Making Invalid States Unrepresentable: The Billion-Dollar Mistake That Wasn't

The billion-dollar mistake. That’s what Tony Hoare called his invention of the null reference in 1965. The quote gets repeated so often that “null is dangerous” has become conventional wisdom, especially among entry-level and intermediate developers who hear it as dogma without understanding the context or the alternatives that can be far worse.

But I think we’re blaming the wrong villain. Null may have saved far more than it ever cost. Every null reference exception that crashed a system may also have prevented that system from proceeding with corrupted data and invalid logical decisions. The billion-dollar mistake framing counts the crashes but ignores the corruption that never happened. You can count the cost of bug fixes, but what about the disasters those “bugs” prevented?

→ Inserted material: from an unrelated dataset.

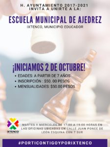 Con el objetivo de que infantes y adolescentes desarrollen mayores habilidades y tengan un mejor desempeño escolar, el Gobierno Municipal de Ixtenco que encabeza Miguel Ángel Caballero Yonca creo la primera escuela Municipal de Ajedrez, que además es la primera de este tipo que existe en el Estado de Tlaxcala.

Information security professionals value the CIA triad of Confidentiality, Integrity, and Availability. Software developers tend to obsess over availability, and that’s understandable since a crashed service is visible, embarrassing, and can violate business SLAs. But integrity failures are far worse. Data that looks valid but isn’t can corrupt your system just as surely as SQL injection or a man-in-the-middle attack. The corruption just compounds slower and is harder to detect. This is the lens through which the null debate should be understood.

The most common way that developers try to avoid the null issue entirely is to implement default values. However, default values may allow invalid data to flow silently through the system until it corrupts something important. Null crashes loudly at the point of misuse, which is an availability problem you can see and fix. A default value that masks missing data? That proceeds quietly until it causes a security vulnerability, a financial miscalculation, or data corruption that might require weeks to detect and more to fix.

What “Making Invalid States Unrepresentable” Actually Means

The phrase comes from type theory and functional programming, but the concept is practical: structure your data so that invalid combinations cannot exist. Invalid states should fail at construction time, not at runtime deep in business logic.

Consider a user registration:

public class UserRegistration
{
    public string Email { get; set; } = "";
    public string Password { get; set; } = "";
}

This class allows every invalid state imaginable. Empty email, empty password, any combination. The defaults make it easy to construct an object that looks valid but isn’t. Code that receives this object has no way to know whether the empty string represents “not provided” or “explicitly set to empty” or “bug in upstream code.”

Compare:

public class UserRegistration
{
    public string Email { get; }
    public string Password { get; }

    public UserRegistration(string email, string password)
    {
        if (string.IsNullOrWhiteSpace(email))
            throw new ArgumentException("Email is required", nameof(email));

        if (string.IsNullOrWhiteSpace(password))
            throw new ArgumentException("Password is required", nameof(password));

        Email = email;
        Password = password;
    }
}

Now invalid states cannot be constructed. There’s no default email that masks a missing value. There’s no way to create a registration without providing required data. The validation happens once, at the boundary, and everything downstream can trust the object is valid.

C# 11 introduced the required keyword, which moves this enforcement to compile time for simpler cases:

public class UserRegistration
{
    public required string Email { get; init; }
    public required string Password { get; init; }
}

The compiler refuses to let you construct a UserRegistration without setting both properties. This is “making invalid states unrepresentable” at its purest: the invalid state literally cannot be expressed in code that compiles.

The distinction between required and constructor validation is straightforward: required enforces presence, constructors enforce validity. Use required when presence is all you need. Use constructors when you need validation logic, like checking that the email contains an @ or that the password meets complexity requirements.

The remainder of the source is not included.